- INFORMATION SUPPLIED:
*-*-*
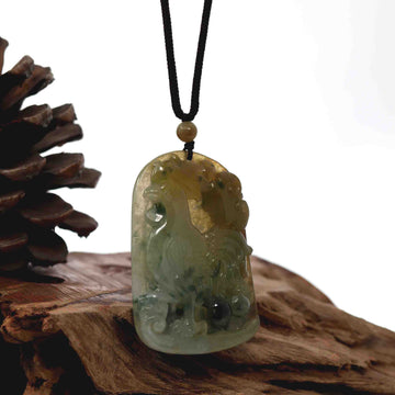 Genuine High quality Burmese Yellow Blue-Green Jadeite Jade PiXiu Pendant Necklace
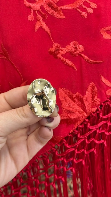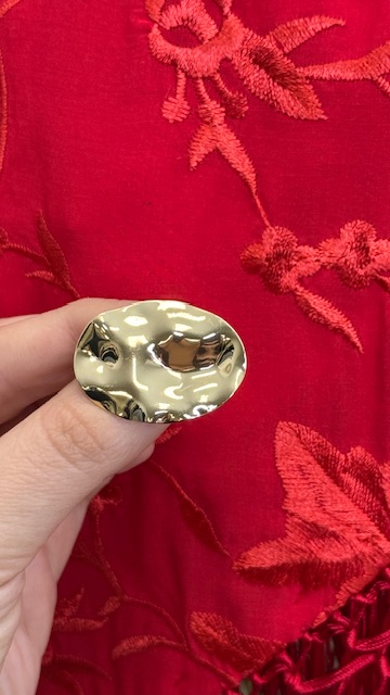 Broche en forma circular con relieve en dorado.100% HIERRO.
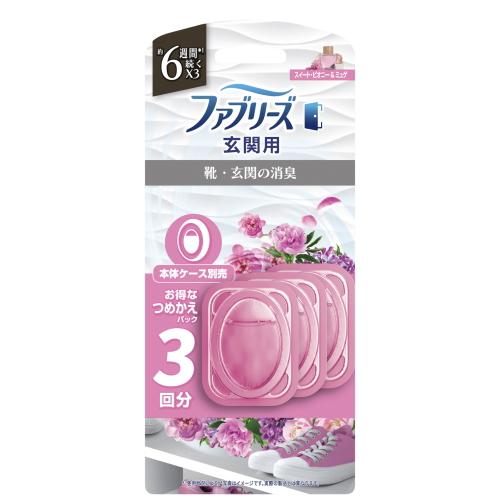 ファブリーズ玄関用消臭剤 スイートピオニー&ミュゲの香り。華やかでやさしいフローラルが玄関に広がり、しっかり消臭して好印象をキープ。本体とつめかえ用3個パックから選べる人気シリーズ。
*-*-*
- WORK INSTRUCTIONS: Please return the full listing word for word, but without any pictures.

- TASK ANSWER:
 Genuine High quality Burmese Yellow Blue-Green Jadeite Jade PiXiu Pendant Necklace
 Broche en forma circular con relieve en dorado.100% HIERRO.
 ファブリーズ玄関用消臭剤 スイートピオニー&ミュゲの香り。華やかでやさしいフローラルが玄関に広がり、しっかり消臭して好印象をキープ。本体とつめかえ用3個パックから選べる人気シリーズ。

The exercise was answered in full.